On the employer side, there are some downsides as well. Occasionally, a provider refuses to accept the TPA rate, and then we have to fight it. This is rare, and only happens in about 1% of claims, but it does happen. My team manages this when it happens, so it means time, effort, and therefore money for us. Occasionally, our team decides to settle and pay over the 150% of Medicare, and that is also a cost we bear, but again, it’s rare. Even when there is not a fight, employees are inevitably going to come to Human Resources when they have claims or bills that arrive and they are not educated on the process yet. So it does cost us, but the costs go down over time.
Despite initial hurdles and trepidation, RBP is gaining traction within our team. In year three, enrollment numbers have grown to about 2/3 of the company. This evolution underscores the growing acceptance and efficacy of RBP in mitigating healthcare costs. Our progress with this initiative so far is encouraging. I can envision a healthcare landscape where RBP becomes the norm at Stotz, obviating the need for traditional plans. The benefits are palpable: reduced administrative burdens once everyone gets used to the new program, stabilized premiums, and empowered employees making informed healthcare choices.

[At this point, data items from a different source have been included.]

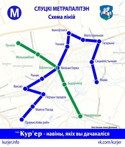 Это, конечно, фантазия. В Слуцке метро наверное, никогда не будет. Хотя б железную дорогу из Слуцка в Минск построили (этого, наверное, тоже никогда не будет). Но — пофантазируем и попробуем посмотреть, какие станции метрополитена могли бы быть в Слуцке и вдруг вы первыми дождётесь этой новости в газете «Кур'ер».
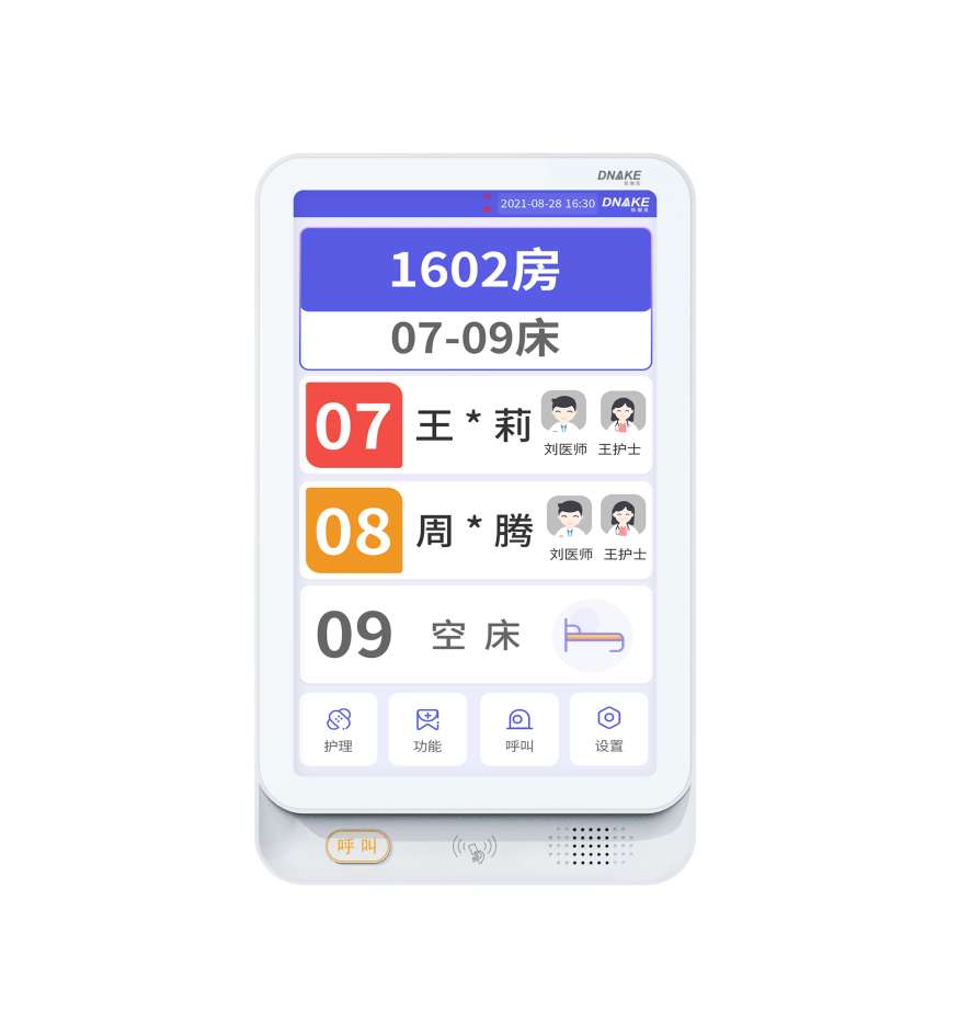 創(chuàng)新設(shè)置在病房門(mén)口的終端設(shè)備,主要用于顯示病房相關(guān)信息,內(nèi)置簡(jiǎn)易醫(yī)護(hù)工作站,支持病房床位一覽、患者動(dòng)態(tài)跟蹤、呼叫對(duì)講、增援求救等多種呼叫類型,信息齊全,及時(shí)響應(yīng)醫(yī)護(hù)需求,實(shí)現(xiàn)智能化醫(yī)護(hù)管理。
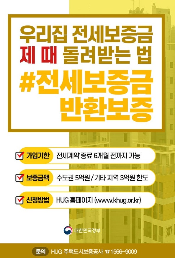 - 보증 범위 :전세 계약 종료 후 임대인이 반환해야 할 전세보증금을 보험사가 책임지고 지급합니다.
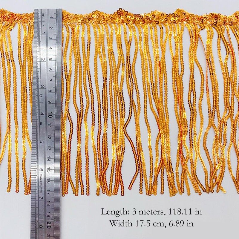 OHYER 3 Metres Long (x 17.5 cm Wide) Wide Fringe Trim Tassel Silk Sequins DIY Hem Dress Garment Fringe Skirt Cut Fringe Ribbon Decorative Border Sequins Fringe Trim (Gold)
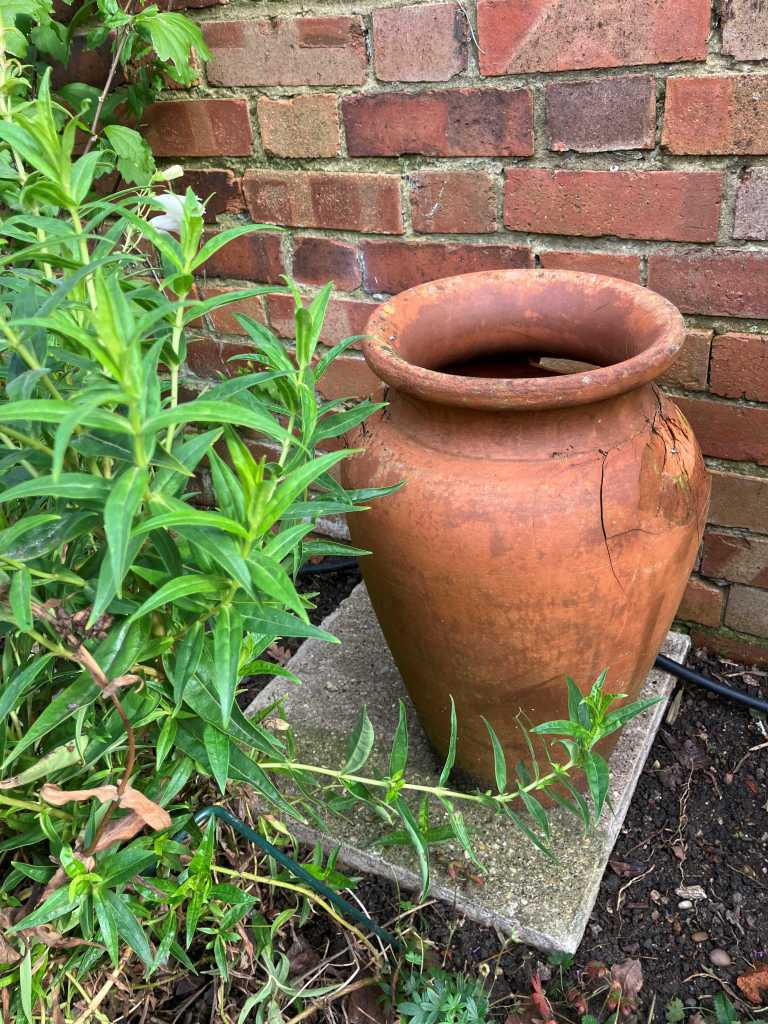 Here’s the frost shattered pot in its new home. Against a sunny wall, perhaps it will survive another winter more or less intact.
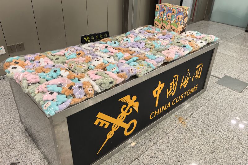 青島膠東機(jī)場海關(guān)查獲攜帶入境侵權(quán)“LABUBU”產(chǎn)品483件(圖)
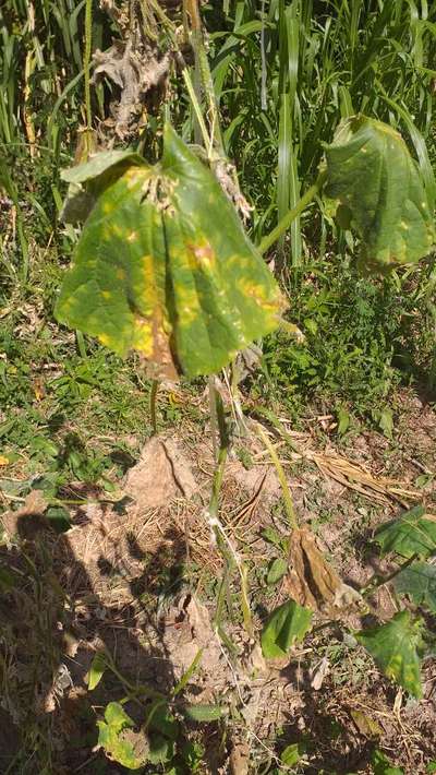 Comecou a aparecer essas manchas em Volta das folhas do meu pepino o que pode ser ?
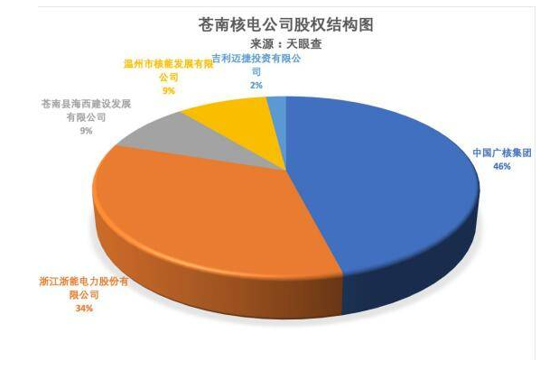 另一個(gè)獲得核準(zhǔn)的項(xiàng)目是浙江三澳核電站,該電站位于浙江省溫州市蒼南縣,由中廣核負(fù)責(zé)開發(fā),也是中廣核第一個(gè)在浙江獲得核準(zhǔn)開發(fā)的核電項(xiàng)目。中廣核持有項(xiàng)目公司中廣核蒼南核電46%的股份,是第一大股東。其余投資者中,地方能源國企浙能電力持股34%,蒼南縣和溫州市地方國資控股的公司蒼南海西建設(shè)發(fā)展公司、溫州市核能發(fā)展公司各持股9%,還有2%的股份則是吉利科技集團(tuán)控股的吉利邁捷投資集團(tuán)持有。
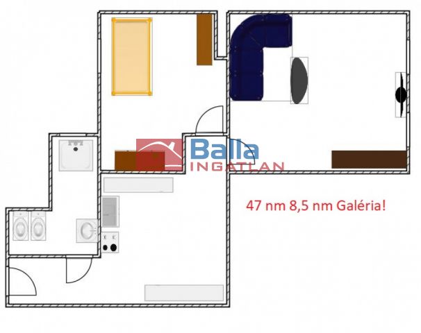 Az elrendezés praktikus: az előszobából nyílik a konyha és a fürdőszoba, a konyhából pedig két szoba érhető el. A nappali tágas és napfényes, a hálószoba felett pedig 8,5 nm-es galéria található, amely lenyitható létrán közelíthető meg.
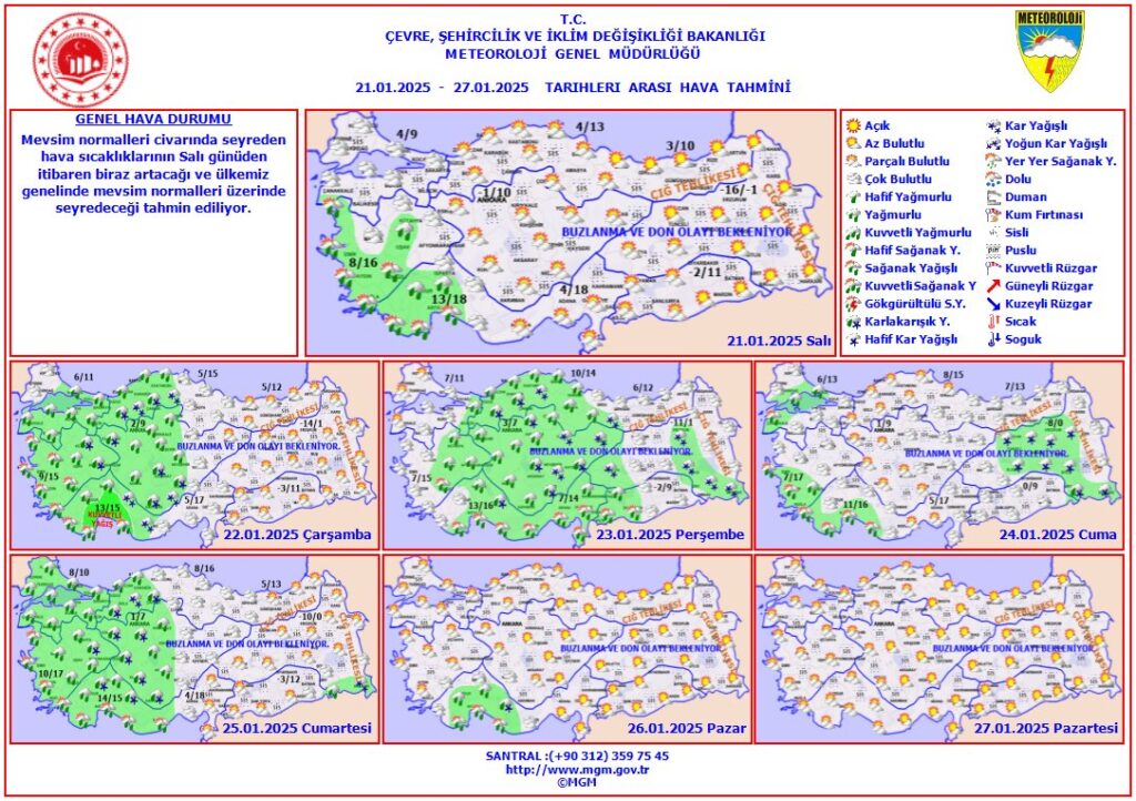21-27 Ocak 2025 tarihleri arasında Türkiye genelinde hava sıcaklıkları mevsim normalleri civarında başlayıp Salı gününden itibaren artış gösterecek. Çarşamba, Perşembe ve Cuma günleri buzlanma ve don olayları bekleniyor. Batı bölgelerde genellikle açık ve az bulutlu hava hâkimken, doğu bölgelerde kar yağışı ve buzlanma etkili olacak. Ege ve Akdeniz’de sağanak yağış, iç bölgelerde ise hafif kar yağışı görülebilir. Hafta sonunda ülke genelinde sakin bir hava öngörülüyor.
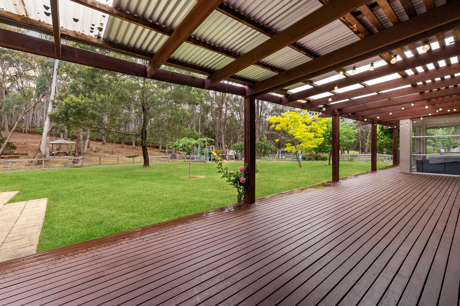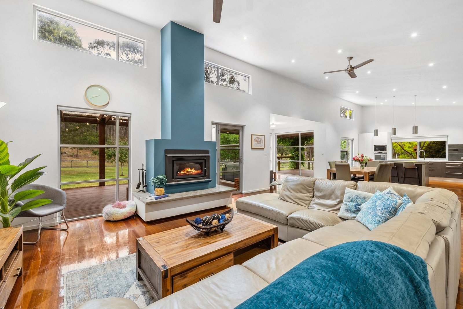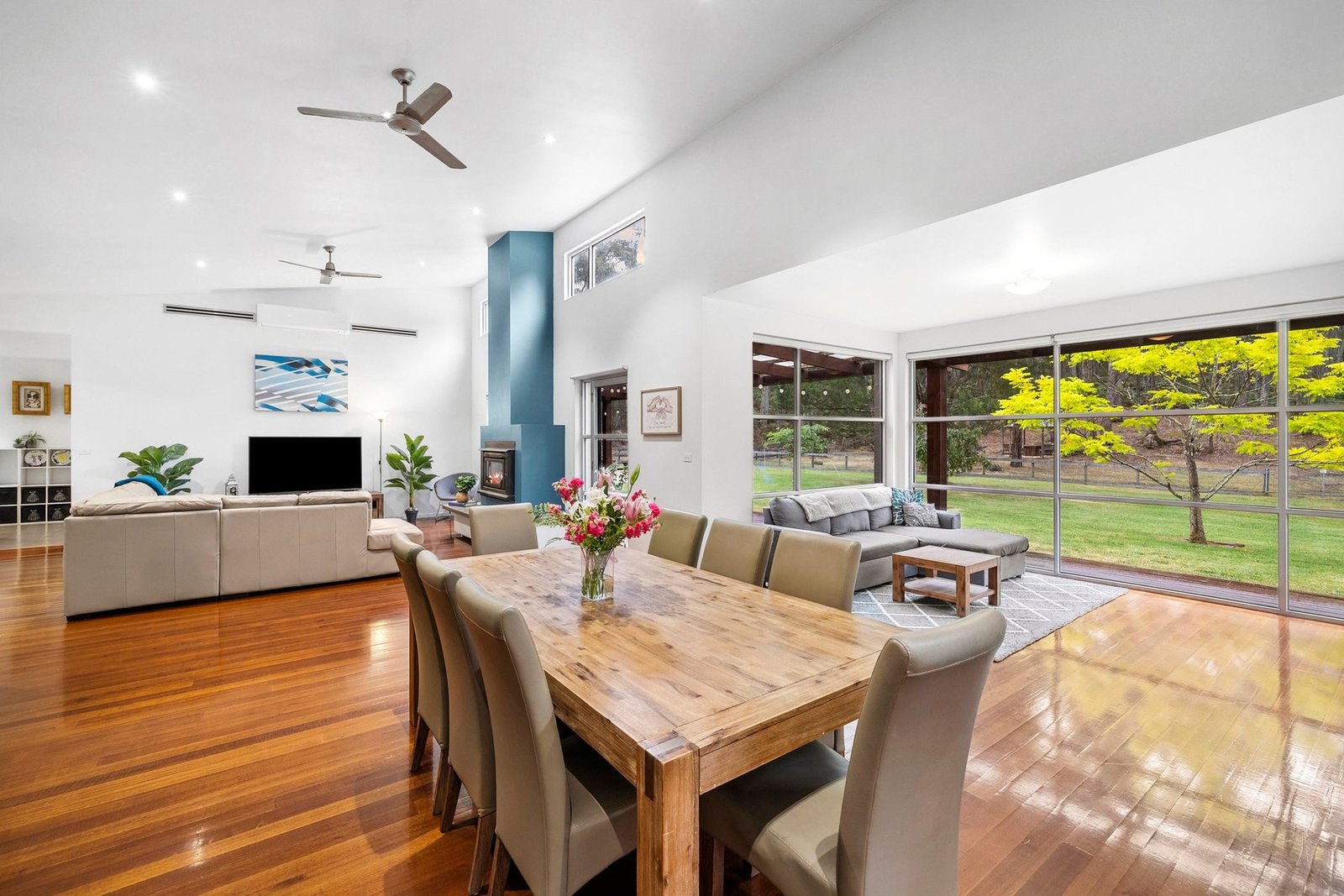 The property’s features extend outside, where undercover alfresco decking provides the ideal space for entertaining against a scenic rural backdrop. Three paddocks—two cleared and one with full bushland and enhanced by a dam —offer endless outdoor possibilities and add natural beauty and functionality to the land.
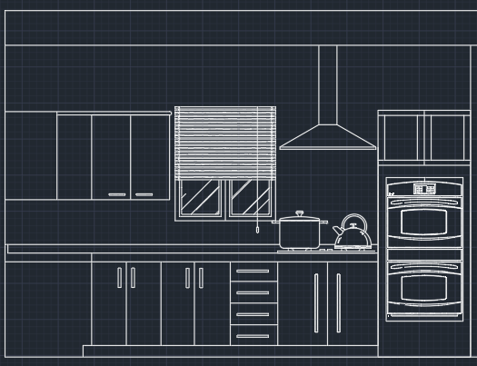 render the inside of this kitchen rendering using a clean modern natural color pallete like dark wood for the cabinets and white tile blackslash

For us, reference-based pricing has been a game-changer in a healthcare landscape fraught with escalating costs. We are self-insured, and that is an important part of why this makes sense for us. Beyond that, the tolerance of your employees to try something new and the expertise on your team to manage the transition are the only other critical ingredients. It’s a great program. By anchoring itself on transparent reimbursement rates and empowering employees with cost-effective options, we believe that RBP could be the path to vastly improved affordability and accessibility in healthcare, not just for us, but for many companies.